Issues we've discussed include:
- How to define a sensible rallying point -- something the public can understand and support, and something that is powerful enough to withstand the push-back from the mighty self-interests gaining from the status quo who will resist such change.
- What must be done for patients/consumers to feel confident and secure in the belief that they do/will receive the best possible care when sick -- tailored to their particular needs, characteristics, and preferences -- which is delivered in a safe, timely, and efficient (cost-effective) manner.
- How to help the public learn about and understand the serious problems with our broken healthcare system and collaborate to come up with possible solutions.
- How to empower patients/consumers to have an informed and meaningful say in their own health and healthcare.
The will is the issue and breaking down the glass ceilings that exist.
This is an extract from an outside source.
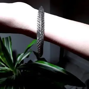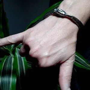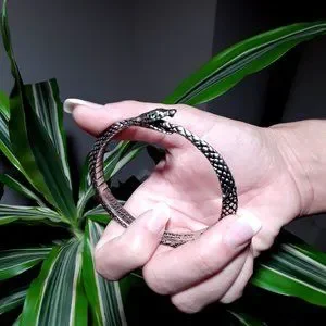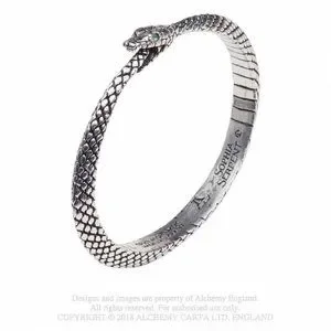 From ancient Greek philosophy, the Ouroboros, a snake-serpent eating its own tail, is the Gnostic symbol of eternity, rebirth and the unity of everything, representing both the sun and soul of the world. A detailed cast pewter, solid serpent bangle, (no adjustment), with small green Swarovski crystals.

Patients want to be involved but often times either there is no place or they are suffocated the the organizations which purport to speak for them. There is a pleuthora of comments from patients/citizens such as:
“The absurdity of a 'patient-led' NHS What next: a lunatic-led asylum?”
“ I can think of numerous innovations in healthcare over the past 50 years ....... that were introduced on the initiative of medical and nursing staff. The dramatic improvements in standards of primary care over recent decades owe little to patients and less to politicians........
Though it is difficult to think of any useful innovation that has resulted from either political or consumer intervention, numerous useless and wasteful initiatives......”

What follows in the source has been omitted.